* [Problem to solve]: Each line in the material below, starting at the one with "С удовольствием примерили" and ending at the one with "Los familiares y", is to be reproduced exactly; no picture is to be copied.

* [Task material]:

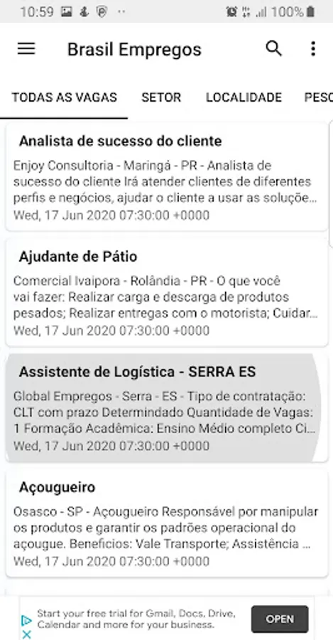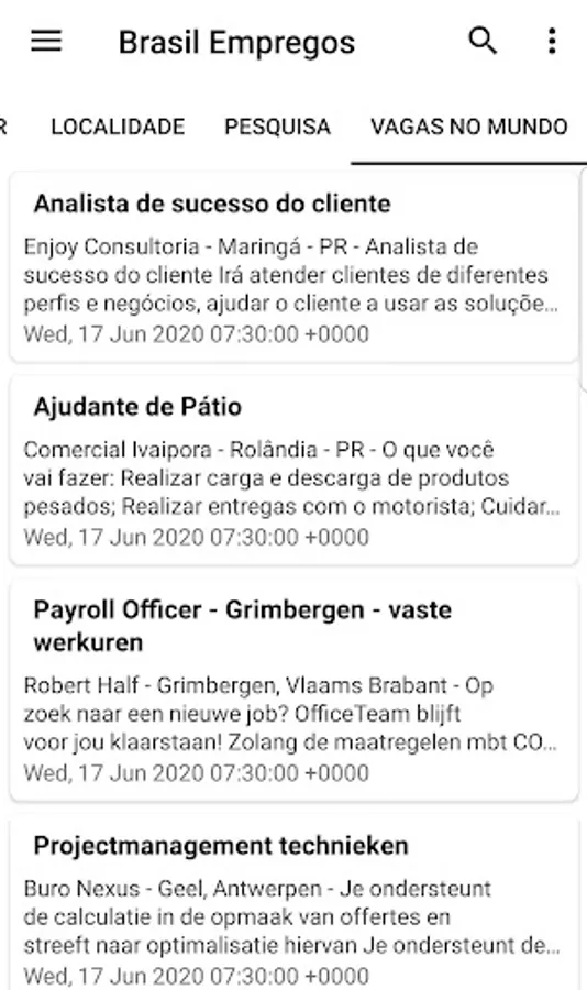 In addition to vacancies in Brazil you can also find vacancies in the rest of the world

...

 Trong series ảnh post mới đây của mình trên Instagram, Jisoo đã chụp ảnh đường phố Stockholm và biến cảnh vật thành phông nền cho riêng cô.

---

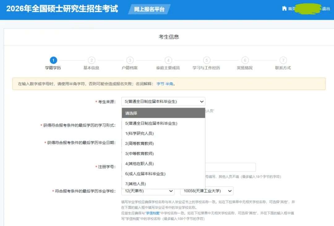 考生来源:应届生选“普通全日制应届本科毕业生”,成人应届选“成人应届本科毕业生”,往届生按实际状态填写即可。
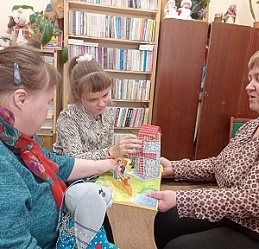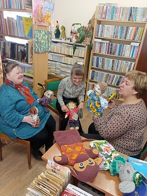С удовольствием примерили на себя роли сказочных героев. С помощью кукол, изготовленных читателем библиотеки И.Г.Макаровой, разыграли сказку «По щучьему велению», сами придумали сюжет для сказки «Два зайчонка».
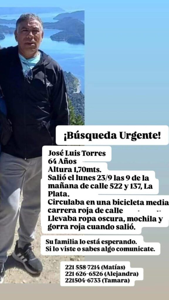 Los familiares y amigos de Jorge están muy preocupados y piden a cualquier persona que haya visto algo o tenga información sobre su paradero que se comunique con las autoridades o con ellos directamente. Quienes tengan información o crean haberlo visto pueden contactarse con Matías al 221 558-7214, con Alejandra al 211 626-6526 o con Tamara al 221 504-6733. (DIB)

* [Task solution]:
С удовольствием примерили на себя роли сказочных героев. С помощью кукол, изготовленных читателем библиотеки И.Г.Макаровой, разыграли сказку «По щучьему велению», сами придумали сюжет для сказки «Два зайчонка».
 Los familiares y amigos de Jorge están muy preocupados y piden a cualquier persona que haya visto algo o tenga información sobre su paradero que se comunique con las autoridades o con ellos directamente. Quienes tengan información o crean haberlo visto pueden contactarse con Matías al 221 558-7214, con Alejandra al 211 626-6526 o con Tamara al 221 504-6733. (DIB)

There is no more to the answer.